On Fri, 29 Aug 2014 11:30:49 -0400, Anthony Jenkins wrote:

 > Okay here's another revision of the patch, hopefully I made good 
 > progress in cleaning up the style and addressing everyone's 
 > concerns.  Comments/criticisms welcome as always!
 > 
 > Patches:
 >  *  Current: http://www.qtchat.org/docs/atrtc.c-20140829.patch
 >  *  Previous: http://www.qtchat.org/docs/atrtc.c.patch
 > Changes:
 >  *  Removed 'U' suffix from integer literals.
 >  *  Ensured all (my) lines were <= 40 columns
 >  *  Changed continuation indent to 4 columns.
 >  *  Replaced is_datetime_reg() with more generic acpi_check_rtc_byteaccess() 
 > to encapsulate (deeper) validation
 >     of ACPI CMOS accesses.
 >  *  Replaced some ACPI Windows-like typenames with FreeBSD typenames where 
 > possible.
 > Booting my HP Envy 14 laptop and suspend/resuming shows the only ACPI CMOS 
 > accesses are byte reads of registers
 > 0x06, 0x04 and 0x02:
 > 
 >       uhub4: at usbus0, port 1, addr 1 (disconnected)
 >       ugen0.2: <Areson> at usbus0 (disconnected)
 >       ums0: at uhub4, port 3, addr 1 (disconnected)
 >       uhid0: at uhub4, port 3, addr 1 (disconnected)
 >       uhub3: at usbus1, port 1, addr 1 (disconnected)
 >       uhub2: at usbus2, port 1, addr 1 (disconnected)
 >       ugen2.2: <vendor 0x7392> at usbus2 (disconnected)
 >       urtwn0: at uhub2, port 1, addr 2 (disconnected)
 >       uhub1: at usbus3, port 1, addr 1 (disconnected)
 >       ugen3.2: <vendor 0x0cf3> at usbus3 (disconnected)
 >       ubt0: at uhub1, port 4, addr 2 (disconnected)
 >       uhub0: at usbus4, port 1, addr 1 (disconnected)
 >       ugen4.2: <SuYin> at usbus4 (disconnected)
 >       acpi_rtc_cmos_handler: READ 01 address=0006 value=00000006
 >       acpi_rtc_cmos_handler: READ 01 address=0004 value=00000015
 >       acpi_rtc_cmos_handler: READ 01 address=0002 value=00000006
 >       vgapci0: child drmn0 requested pci_set_powerstate
 >       info: [drm] PCIE GART of 512M enabled (table at 0x0000000000040000).
 >       drmn0: info: WB enabled
 >       drmn0: info: fence driver on ring 0 use gpu addr 0x0000000020000c00 
 > and cpu addr 0x0xfffff800b686cc00
 >       drmn0: info: fence driver on ring 1 use gpu addr 0x0000000020000c04 
 > and cpu addr 0x0xfffff800b686cc04
 >       drmn0: info: fence driver on ring 2 use gpu addr 0x0000000020000c08 
 > and cpu addr 0x0xfffff800b686cc08
 >       drmn0: info: fence driver on ring 3 use gpu addr 0x0000000020000c0c 
 > and cpu addr 0x0xfffff800b686cc0c
 >       drmn0: info: fence driver on ring 4 use gpu addr 0x0000000020000c10 
 > and cpu addr 0x0xfffff800b686cc10
 >       info: [drm] ring test on 0 succeeded in 3 usecs
 >       info: [drm] ring test on 3 succeeded in 2 usecs
 >       info: [drm] ring test on 4 succeeded in 2 usecs
 >       info: [drm] ib test on ring 0 succeeded in 0 usecs
 >       info: [drm] ib test on ring 3 succeeded in 0 usecs
 >       info: [drm] ib test on ring 4 succeeded in 0 usecs
 >       re0: link state changed to DOWN
 >       psm0: system resume hook called.
 >       psm0: current command byte: 0065 (reinitialize).

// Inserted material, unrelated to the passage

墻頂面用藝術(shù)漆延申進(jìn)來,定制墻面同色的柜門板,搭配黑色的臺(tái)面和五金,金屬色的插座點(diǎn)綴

Ok, good knowing what your HP Envy 14 wants to know; minute, hour and 
day of week.  You'd said that without this it immediately resumed from 
suspend; I suppose that it might want to calculate (within a week) how 
long it had been suspended or when when it should awaken - perhaps to do 
with the wake on alarm settings in BIOS setup (?) - and that failing to 
retrieve those made it decide it was best (or due) to resume.  Rather 
odd, when it would also need to read day, hour and minute on resuming to 
compare, but apparently doesn't do so - or at least, not via ACPI ..

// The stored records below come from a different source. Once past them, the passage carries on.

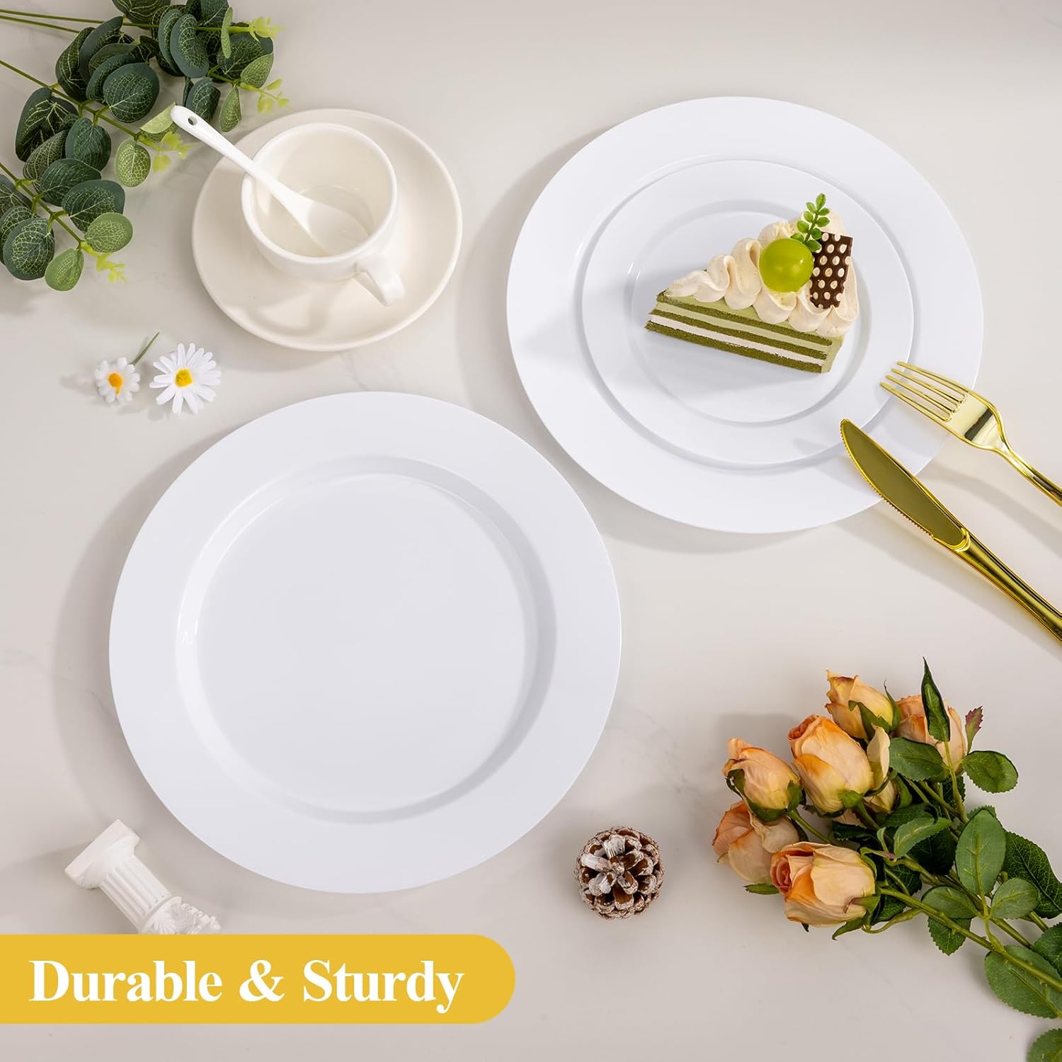 Goodluck 200PCS White Plastic Plates, Heavy Duty Disposable Plates with 100 10.25 inch Dinner Plates and 100 7.5 inch Dessert Plates for Party, Holiday, Wedding, Thanksgiving
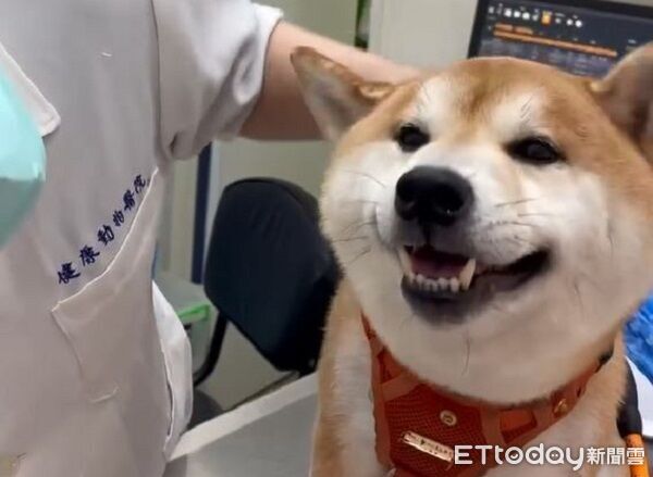 剛結束檢查的Wolly坐在診療台上,在獸醫的讚美聲越笑越燦爛,嘴角翹高高享受摸頭,最後就在「乖乖齁~Wolly最乖了齁~」的誇讚中一動不動,讓獸醫成功哄騙點藥。飼主維恩分享,Wolly是因為急性結膜炎,眼睛突然睜不開才去看醫生,但換自己來就完全不配合,「在家都要用偷點的」。
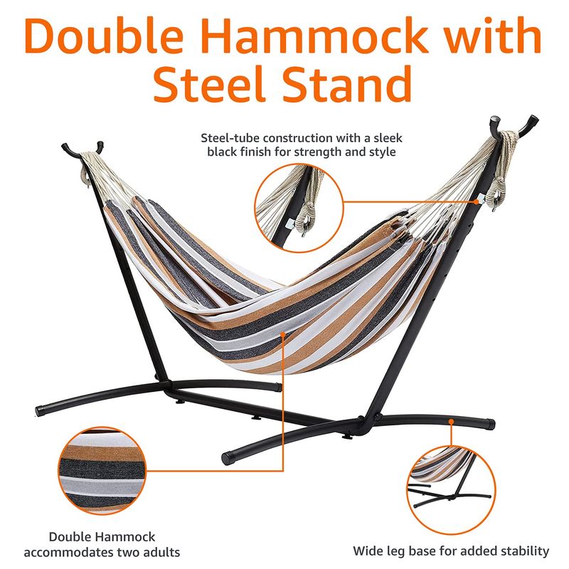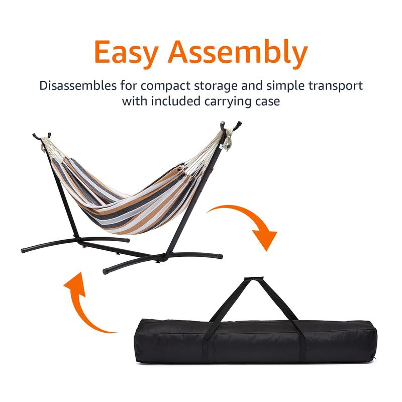 Amazon Basics Hamaca doble con soporte de acero de 9 pies que ahorra espacio y funda de transporte,
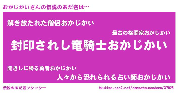 | ヒーロー風カッコイイあだ名 | 『スーパーオカジカイ』『銀牙騎士オカ』 |

 > Backlight still doesn't resume, but can still ssh(1) into laptop.

I'd tend to treat and pursue this as a separate problem; it's been a 
common issue on a number of laptops.  Maybe try freebsd-mobile@ too?

 > Thanks,
 > Anthony Jenkins

Before quoting some issues with your patch, I'll say what I think:

 0) It would be better to leave the system rtcin() and writertc() more 
or less as is, including its present I/O timing and the optimisation for 
repetitive access, allowing (eg) use of RTC periodic interrupts at high 
rates, as Bruce discussed (albeit dismissively :) WRT profiling.  Your
IODELAY() macro is useful documentation, I had to hunt that up myself.

I'm wondering if mav@ (cc'd) has anything to say about all this?

There are 18 calls to each of rtcin() and writertc() just within 
atrtc.c itself, and other callers (in 9.3 sources) in:

smithi@x200:/sys % find . -type f -exec egrep -l 'rtcin\(|writertc\(' {} \; | 
uniq
/sys/isa/rtc.h
/sys/mips/malta/malta_machdep.c
/sys/i386/xen/clock.c
/sys/i386/i386/machdep.c
/sys/dev/fb/vga.c
/sys/dev/acpi_support/acpi_ibm.c
/sys/dev/nvram/nvram.c
/sys/dev/fdc/fdc.c
/sys/x86/isa/atrtc.c
/sys/pc98/cbus/fdc.c

/sys/dev/fb/vga.c depends on 2 bits in RTC_EQUIPMENT which is defined in 
that file - albeit for older VGA/EGA/CGA systems - as:
/* this should really be in `rtc.h' */
#define RTC_EQUIPMENT 0x14

And looking in rtc.h, these also should be clearly out of bounds for 
ACPI writing - although nvram.c enables writes from RTC_DIAG to 0x7f, it 
also recalculates the checksum over bytes 0x10-0x2d, stored in 0x2e and 
0c2f, as some (most?) systems will _fail to boot_ on invalid checksum.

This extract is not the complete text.